Dumping-Flughafen Leipzig/Halle

September 26, 2012 · Abgelegt unter Bert Sander, Fluglärm, Umwelt, Verkehr, Wirtschaft 

Der Flughafen Leipzig/Halle vermeldet großartige Wachstumszahlen: Immerhin, der Airport kann auf eine Steigerung der Fracht von um die 15 Prozent gegenüber dem Vorjahreszeitraum verweisen. »Unser Frachtgeschäft boomt«, fasst Flughafengeschäftsführer Dirk Näther die Entwicklung zusammen.

Nur, gerne würden sich auch die vom Nachtfluglärm betroffenen Bürger über diese Erfolgsmeldung freuen; doch leider, sie werden vor lauter Erfolgseuphorie von Dierk Näther mit keinem Wort bedacht. Dabei würde es tausende Leipziger Bürger doch einigermaßen beruhigen, wenn man ihnen zumindest die Hoffnung vermitteln würde, das sich proportional zum prosperierenden nächtlichen Frachtflugverkehr auch die Lärmschutzmaßnahmen entwickeln würden. Aber nein, das Leipziger Drehkreuz entwickle sich vielmehr gegen den bundesdeutschen Trend; bundesweit sei nämlich der Luftfrachtumschlag um vier Prozent im Vergleich zum Vorjahr »eingebrochen«, so Näther. Wir »entkoppeln uns damit vom globalen Trend«, so der Airport-Manager weiter. Was allerdings keine Kunst ist, wenn man sich nämlich zugleich von den mittlerweile »billigsten« bundesweiten Standards in Sachen »aktiven Lärmschutz« (Stichwort »Bonusliste«) »abkoppelt«.

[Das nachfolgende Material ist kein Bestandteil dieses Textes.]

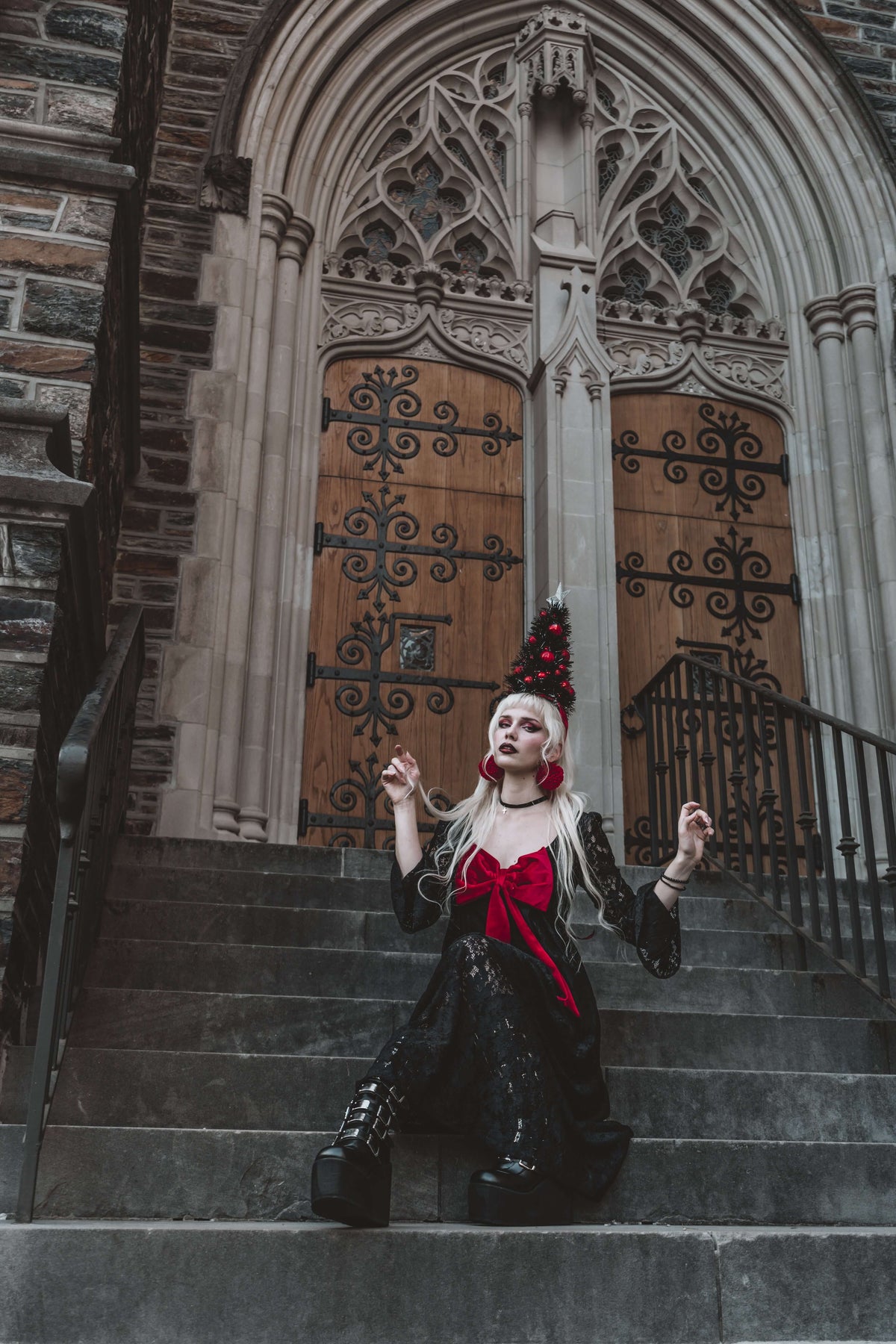 We HAD to bring the drama for the holidays with the new Priscilla Maxi! This gorgeous black dress features as black lace shell with bell sleeves and an empire waist, half lining, and interchangeable black and red velvet bows!
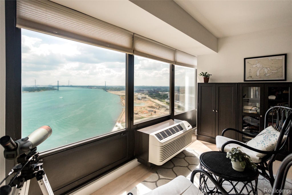 This luxury condo on the 22nd floor of the Riverfront Towers offers unparalleled views of the Detroit River. Located in a park-like setting, the one bedroom/one-bathroom unit features hardwood floors through-out, an updated kitchen with maple cabinets, stainless steel appliances, granite countertops, and a stackable in-unit washer and dryer. Resort-style amenities include a private marina, tennis courts, a state-of-the-art fitness center, a swimming pool, an on-site convenience store, direct People Mover access, and secured, gated parking. Just steps away from the brand new Ralph Wilson Riverfront Park, Corktown and Downtown
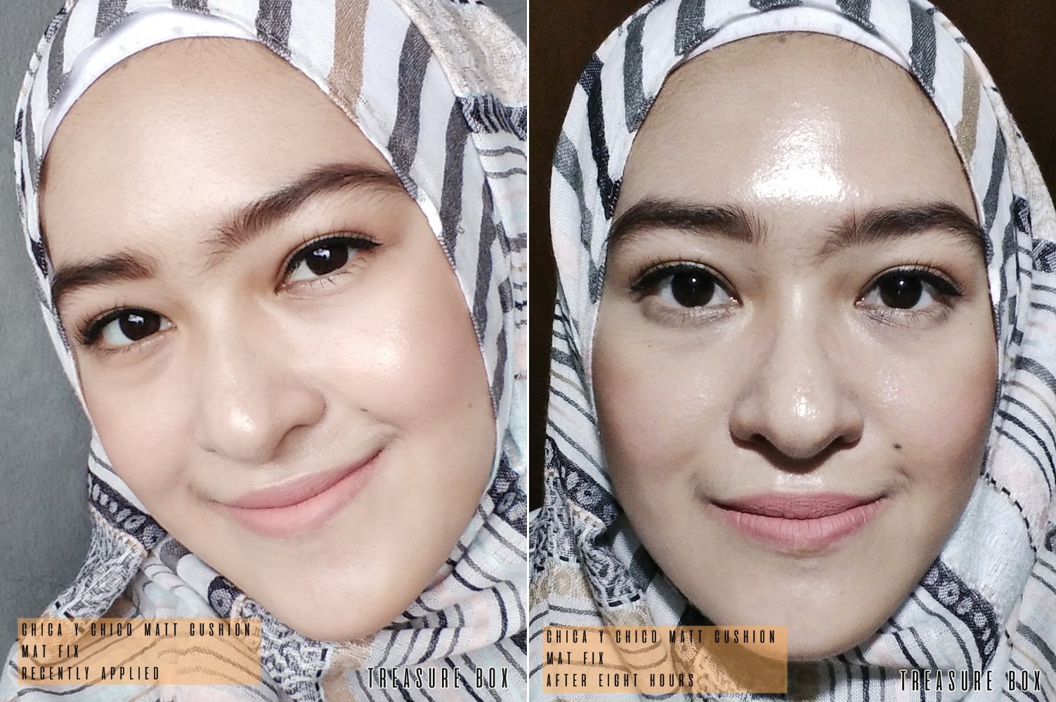 Chica Y Chico Matt Cushion Mat Fix memiliki ketahanan untuk coveragenya yang cukup baik di wajah saya selama lebih dari 8 jam kecuali daerah hidung, kumis, dan sekitar bibir. Tapi sayangnya warnanya tidak seperti saat penggunaan awal. Tidak gelap sekali tapi mengalami penurunan warna dan matte berubah menjadi dewy, hmm glossy sih sebenernya kalau di kamera. Untuk daerah sekitar bibir terlihat jelas sekali terutama bila menggunakan lipstik dengan warna kontras atau bila foto di zoom kalau sekitar bibir ini tidak tertutup oleh Mat Fix. Penyebabnya saya kurang tahu, karena hal ini juga berulang saat saya menggunakan primer. Mungkin bulu-bulu halus di sekitar bibir ya.
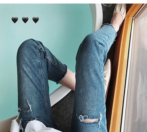 6.顯瘦破洞剪邊直筒牛仔褲,想自留一打的褲幾~真的版型敲棒! 破洞設(shè)計很加分版型很正~搭配襯衫T恤都o(jì)k!剪邊設(shè)計 很簡潔~直筒褲的版型 很遮肉喔!顏色很正 閉眼入~
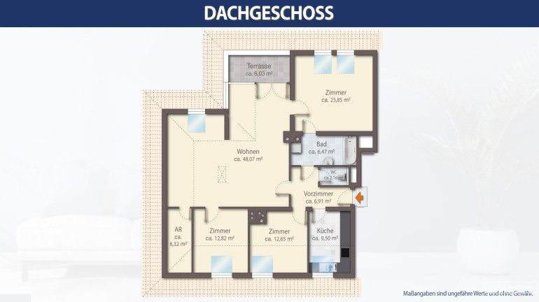 Wohn-/Essbereich: ca. 48,07 m², Zimmer 1: ca. 23,85 m², Zimmer 2: ca. 12,82 m², Zimmer 3: ca. 12,65 m², Küche: ca. 9,50 m², Bad: ca. 6,47 m², WC: ca. 2,18 m², Abstellraum: ca. 6,32 m², Vorzimmer: ca. 6,91 m², Terrasse: ca. 6,03 m²
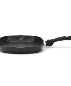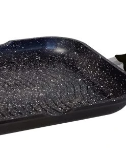 Die aus Aluminiumdruckguss hergestellte Pfanne hat eine dreischichtige Marmorbeschichtung und zwei Gießlöcher, um überschüssiges Fett leicht abzugießen. Er kann für alle Arten von Wärmequellen verwendet werden. Der Griff bleibt während des Kochens kühl und ist zur einfachen Aufbewahrung und Reinigung abnehmbar. Der mitgelieferte Deckel besteht aus gehärtetem Glas und hat einen Edelstahlknopf.
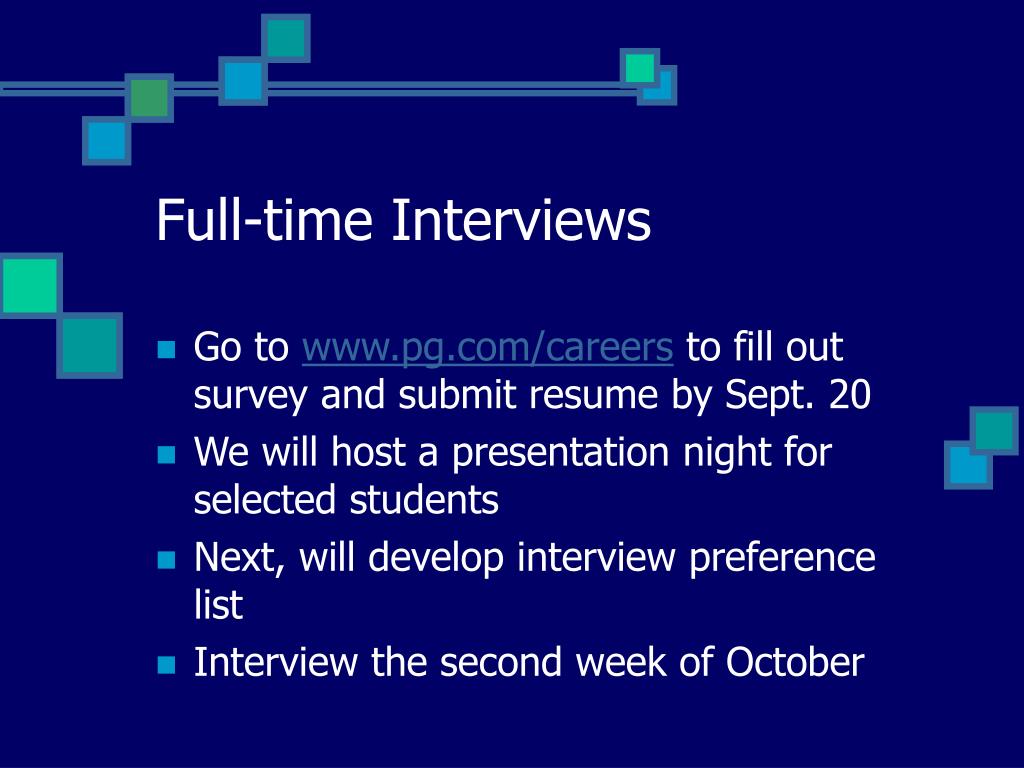 Full-time Interviews • Go to www.pg.com/careers to fill out survey and submit resume by Sept. 20 • We will host a presentation night for selected students • Next, will develop interview preference list • Interview the second week of October
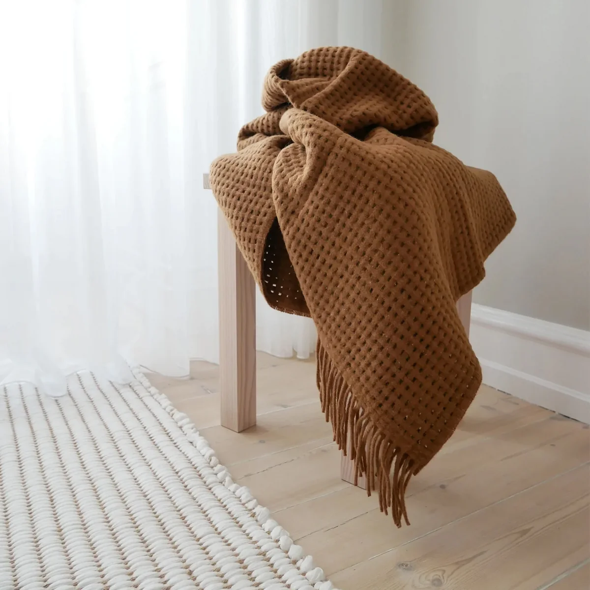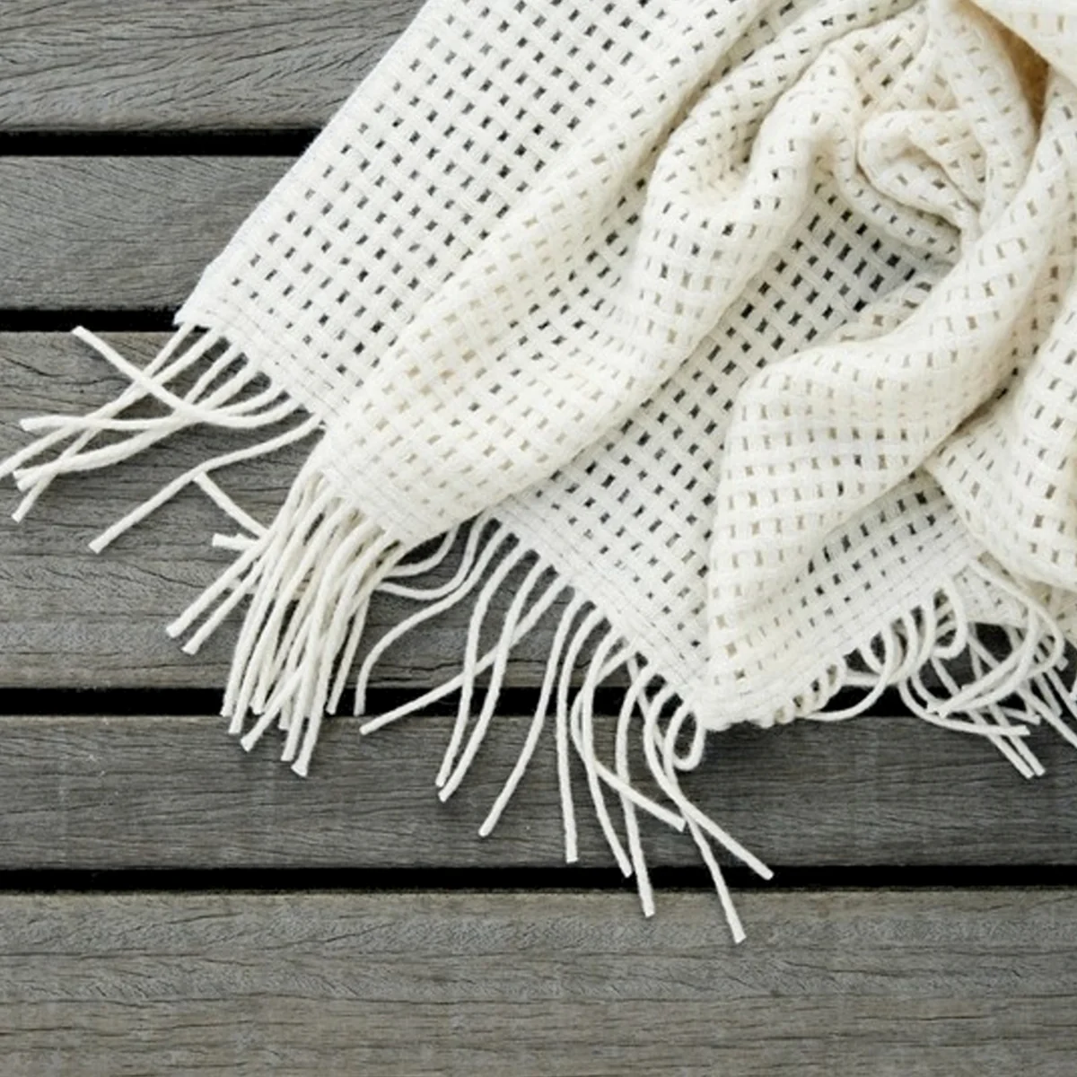 Geweven deken gemaakt van gerecycleerde alpaca en schapenwol
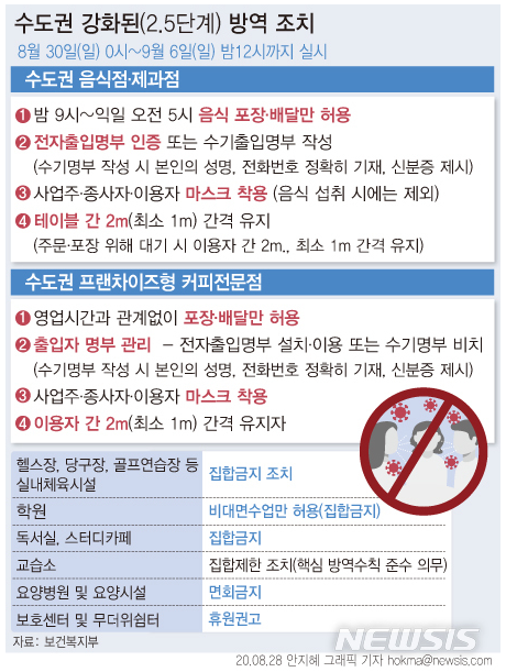 코로나2.5단계 수도권 음식점 핵심 방역수칙
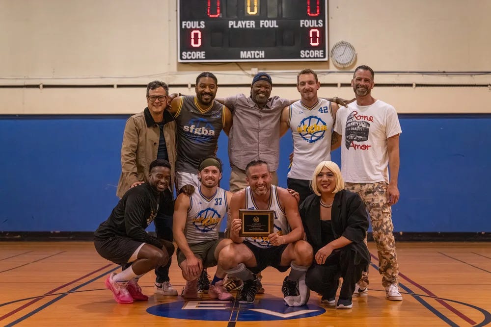 The willingness to repeatedly perform the annoying or mundane tasks of organizing — making sure referees are paid, dry mopping the court between games, creating schedules, sending reminders and planning fundraising events — is a bedrock of the league’s success. To convince people to routinely dedicate a portion of their free time to an organization, especially the over-worked, screen-addled and socially isolated contemporary American adult, you need to make it worth their while. To this end, creating a smoothly running, reliable operation, with all the requisite legwork it entails from league organizers, is nearly as important as the SFGBA’s uniting principles of diversity and inclusion.
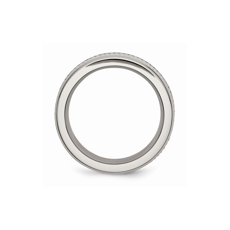 This attrACTIVE 8mm wide wedding band is made from stainless steel, and features crisscross cut accents around the shank. This stylish brushed and polished finish band comes in half finger sizes 7.50-13.
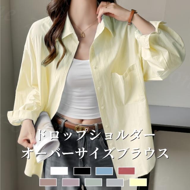 シャツ ドロップショルダー ブラウス 新作 送料無料 コットン100% トップス レディース こなれ感 抜け感 チュニック 長袖 着痩せ ゆったり 体型カバー ビッグシルエット カジュアル 入学式 入園式

»Näther führte das anhaltende Wachstum« maßgeblich »auf den rechtssicheren Betrieb rund um die Uhr zurück«, berichtet die LVZ. »Rechtssicher«? Herr Näther unterschlägt in dieser so selbstsicheren wie selbstgerechten Verlautbarung allerdings, dass aktuelle medizinische Studien mittlerweile nicht mehr nur eine beträchtliche gesundheitliche Gefährdung der von Nachtfluglärm betroffenen Bürger vermuten, sondern eben diese inzwischen eindeutig nachgewiesen haben. Dementsprechend hat im Juni 2012 der 115. Deutsche Ärztetag in einem Beschluss den Bund und die Länder aufgefordert, »die Bevölkerung in Deutschland nachhaltig und umfassend vor den Folgen des Flugverkehrs durch Flugzeugabgase und Lärmemissionen zu schützen«. Konkret fordert der Ärztetag, das Fluglärmgesetz und weitere Regelwerke kurzfristig so zu überarbeiten sind, dass die nicht mehr einfach wegzudiskutierenden »Erkenntnisse aus wissenschaftlichen Studien in den Gesetzen abgebildet werden«. Das bestehende Fluglärmgesetz und die untergeordneten Regelwerke sind, so der Ärztetag, kurzfristig so zu überarbeiten, »dass aktuelle wissenschaftliche Evidenz berücksichtigt wird«. Aus Sicht des Deutschen Ärztetages sind die bestehenden Regelungen des Fluglärmgesetzes »nicht in der Lage, die Bevölkerung wirksam zu schützen«. Die Grenzwerte im Fluglärmgesetz seien »deutlich zu hoch« und stehen in einem »offensichtlichen Widerspruch zur vorhandenen Evidenz aus nationalen wie internationalen Studien«.

Nichtsdestotrotz, der von allen bundesweiten Fluglärmstandards »abgekoppelte« Dumping-Flughafen Leipzig/Halle lässt – auf Deubel komm raus – starten und landen, was sonst nirgendwo »geht«, sogar uralte Flugzeugtypen der russischen Antonow-Baureihe, die jüngst aufgrund ihrer Lärm- und Schadstoffemissionen selbst auf dem Moskauer Airport ein Start- und Landeverbot »eingefahren« haben. Aber gut, wie sagte einst der DHL-Manager Michael Reinboth: Im ostdeutschen Leipzig gelingt, was sonst nirgendwo möglich ist – »nicht mal in China«.

Und was kommt dabei für die von Lärm und Kerosinabgasen geschundene Region heraus: »Ein Wachstum, das in der Region Leipzig im Vergleich mit Dresden und Chemnitz bisher unterdurchschnittlich ausgefallen ist. Leipzig zeichnet sich durch viele relativ niedrig bezahlte Logistikjobs aus«, so die LVZ vom 21. September in einem Interview gegenüber Sachsens Wirtschaftsminister Sven Morlok (FDP).